3. weekends are car-free days! i've been biking to the farmer's market and to pilates classes and starting this weekend, to my volunteering at the Historical Garden. if i must go further than my legs can take me, such as seeing my grandparents who live over 20 miles away, i carpool. how great would it be if everyone took at least one or two days out of their week to enjoy on a bike or walking with their family? my legs are stronger too, and without the use of an equally energy-wasting device: the treadmill/stairmaster/elliptical.

4. no more hairdryers! using a hairdryer to dry your hair is not only bad for the environment because of how much energy it uses, it's also really bad for your hair. i love how many cosmetics and beauty companies try to invent new and exciting chemical creams to help us reduce frizz, repair split ends, and restore color and vibrancy and shine to our hair, while also peddling straightening irons, curling irons, and hairdryers as standard tools for styling our hair. it's ludicrous, self-defeating, time-wasting and expensive! i've never had perfect hair, by any means, but one thing is true: my hair is really healthy (according to an LA stylist, i had some of the healthiest hair he'd ever seen. i was surprised, because at the time i was swimming at least once or twice a week, and going to the beach. and, i told him, "i never style my hair!" he smiled and told me that's totally why my hair was so healthy, i don't suffocate it with products and heat!) i use only three tools on my hair now: shampoo, conditioner, and a wide-toothed comb. i've put down the hairdryer and have taken to letting my hair dry naturally, and at first i was skeptical that my hair would still have the same volume as it used to, but i'm surprised and happy to report: it looks fine. and even better than before, actually, because it's healthy and not over-dried.

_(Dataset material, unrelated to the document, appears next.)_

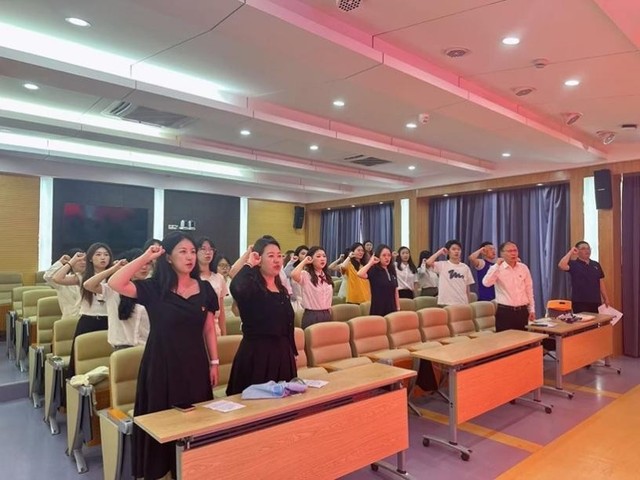 活动最后,在毕业生党员代表夏丽、李怡瑶的带领下,全体毕业生党员面向党旗、举起右拳,重温入党誓词,回溯入党初心,凝聚奋进力量。铿锵有力的誓言表达了党员们坚定不移听党话、跟党走的信念与决心,也昭示着他们将在新的征程上牢记初心使命,勇担时代重任,以实际行动为党旗增辉、为母校添彩。

5. i've started a limited meat diet. this infographic brochure makes a pretty good case for going veggie if you're concerned about your carbon footprint. i still get the meat shakes from time to time, but i eat meat very rarely now, maybe twice or thrice a week (down from twice or thrice a day!) and i enjoy how energetic i feel when sticking to a mostly veggie/fruit and raw diet. the last time i got my period (sorry, TMI!) my cramps were virtually non-existent because the days leading up to it i'd been eating lots of leafy dark green veggies and fruit - getting lots of iron and water in my system that helped me feel great when i needed it most! my fave lunch lately: whole wheat pitas, tomato basil hummus, 2 cucumbers, one cup of spinach, carrot sticks and a handful of grape tomatoes, all from the farmers' market! i eat that and an apple and some plums and i feel full without getting post-lunch sleepy.

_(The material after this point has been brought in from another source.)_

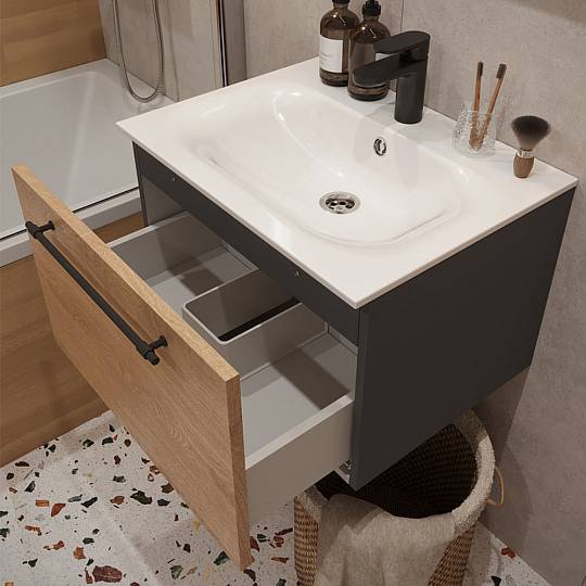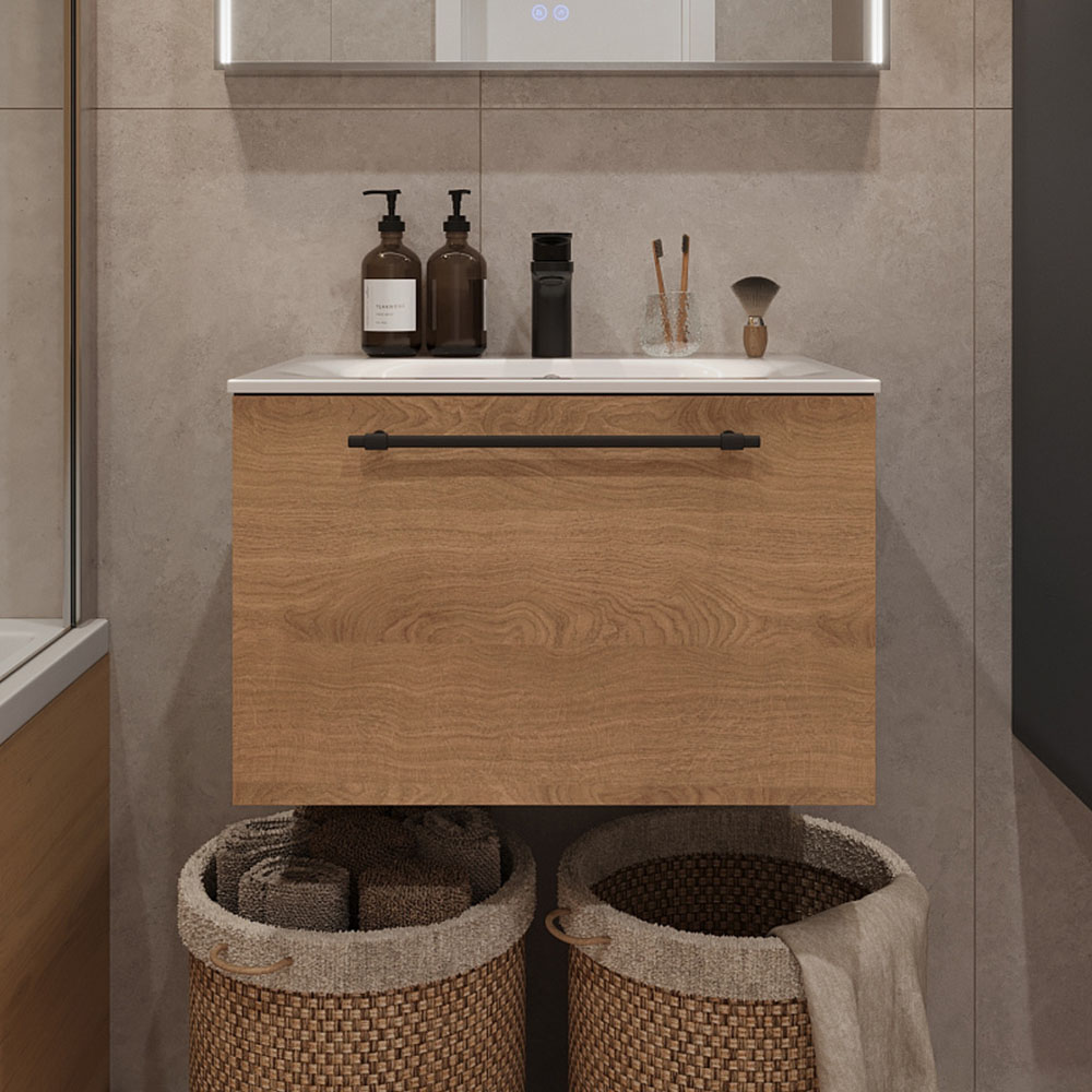 Тумба с раковиной подвесная (60см) Terminus Venta VEN10601300001O, шпон/дуб

6. i've started reading Treehugger, Inhabitat, and Ecosalon. they're pretty good at offering green news that is intriguing, useful, inspiring, and always well-written! i always find something share-worthy when i peruse their sites. and it's so much more fulfilling to spend an hour of free time at work reading eco-friendly news pieces than trolling through tumblr or facebook.

the takeaway point of this post is: these are NOT extravagantly ambitious goals, by any means. i kept my green commitments realistic, because i wanted to be able to actually achieve them, while still feeling like i'm achieving something and not just making empty gestures. i hope something you read here will inspire you to go out and try your own mini-green-revolution!

Planeteers unite! :-)

*i fell asleep thru most of it the first time i watched it with ben. i was teaching at the time and as i recall, that was not a good period for successfully finishing movies, tho we watched a lot of really good ones.